- **What is being asked**:
Going down the data below, set down exactly the line with "Etuikjole, Joseph Ribkoff." and each line after it through the line with "A teď malá vsuvka."; no other lines.

- **Supplied data**:
┄┄┄┄┄┄

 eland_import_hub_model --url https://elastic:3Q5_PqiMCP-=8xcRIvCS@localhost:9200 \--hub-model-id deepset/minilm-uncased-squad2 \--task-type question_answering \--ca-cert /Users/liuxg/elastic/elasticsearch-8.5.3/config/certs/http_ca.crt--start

┄┄┄┄┄┄

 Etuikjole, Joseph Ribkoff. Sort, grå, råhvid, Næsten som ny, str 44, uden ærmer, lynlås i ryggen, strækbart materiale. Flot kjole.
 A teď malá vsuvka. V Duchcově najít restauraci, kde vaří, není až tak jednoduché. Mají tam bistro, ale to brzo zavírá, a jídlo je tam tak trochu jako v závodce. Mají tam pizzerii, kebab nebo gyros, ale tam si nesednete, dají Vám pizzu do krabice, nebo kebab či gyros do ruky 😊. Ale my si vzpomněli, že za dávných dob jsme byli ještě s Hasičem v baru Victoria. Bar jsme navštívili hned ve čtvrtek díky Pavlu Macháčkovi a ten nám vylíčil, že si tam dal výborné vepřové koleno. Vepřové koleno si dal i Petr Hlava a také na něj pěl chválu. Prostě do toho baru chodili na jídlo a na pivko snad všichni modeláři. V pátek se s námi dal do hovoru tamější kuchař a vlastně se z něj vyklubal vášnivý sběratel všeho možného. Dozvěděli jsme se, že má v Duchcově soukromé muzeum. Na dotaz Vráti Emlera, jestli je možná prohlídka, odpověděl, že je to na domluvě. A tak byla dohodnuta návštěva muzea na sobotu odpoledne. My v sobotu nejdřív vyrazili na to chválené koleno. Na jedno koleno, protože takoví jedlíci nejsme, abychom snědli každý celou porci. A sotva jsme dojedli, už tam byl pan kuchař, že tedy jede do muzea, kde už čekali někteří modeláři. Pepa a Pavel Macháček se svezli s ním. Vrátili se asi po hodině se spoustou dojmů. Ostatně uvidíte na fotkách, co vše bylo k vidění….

┄┄┄┄┄┄

- **Task answer**:
 Etuikjole, Joseph Ribkoff. Sort, grå, råhvid, Næsten som ny, str 44, uden ærmer, lynlås i ryggen, strækbart materiale. Flot kjole.
 A teď malá vsuvka. V Duchcově najít restauraci, kde vaří, není až tak jednoduché. Mají tam bistro, ale to brzo zavírá, a jídlo je tam tak trochu jako v závodce. Mají tam pizzerii, kebab nebo gyros, ale tam si nesednete, dají Vám pizzu do krabice, nebo kebab či gyros do ruky 😊. Ale my si vzpomněli, že za dávných dob jsme byli ještě s Hasičem v baru Victoria. Bar jsme navštívili hned ve čtvrtek díky Pavlu Macháčkovi a ten nám vylíčil, že si tam dal výborné vepřové koleno. Vepřové koleno si dal i Petr Hlava a také na něj pěl chválu. Prostě do toho baru chodili na jídlo a na pivko snad všichni modeláři. V pátek se s námi dal do hovoru tamější kuchař a vlastně se z něj vyklubal vášnivý sběratel všeho možného. Dozvěděli jsme se, že má v Duchcově soukromé muzeum. Na dotaz Vráti Emlera, jestli je možná prohlídka, odpověděl, že je to na domluvě. A tak byla dohodnuta návštěva muzea na sobotu odpoledne. My v sobotu nejdřív vyrazili na to chválené koleno. Na jedno koleno, protože takoví jedlíci nejsme, abychom snědli každý celou porci. A sotva jsme dojedli, už tam byl pan kuchař, že tedy jede do muzea, kde už čekali někteří modeláři. Pepa a Pavel Macháček se svezli s ním. Vrátili se asi po hodině se spoustou dojmů. Ostatně uvidíte na fotkách, co vše bylo k vidění….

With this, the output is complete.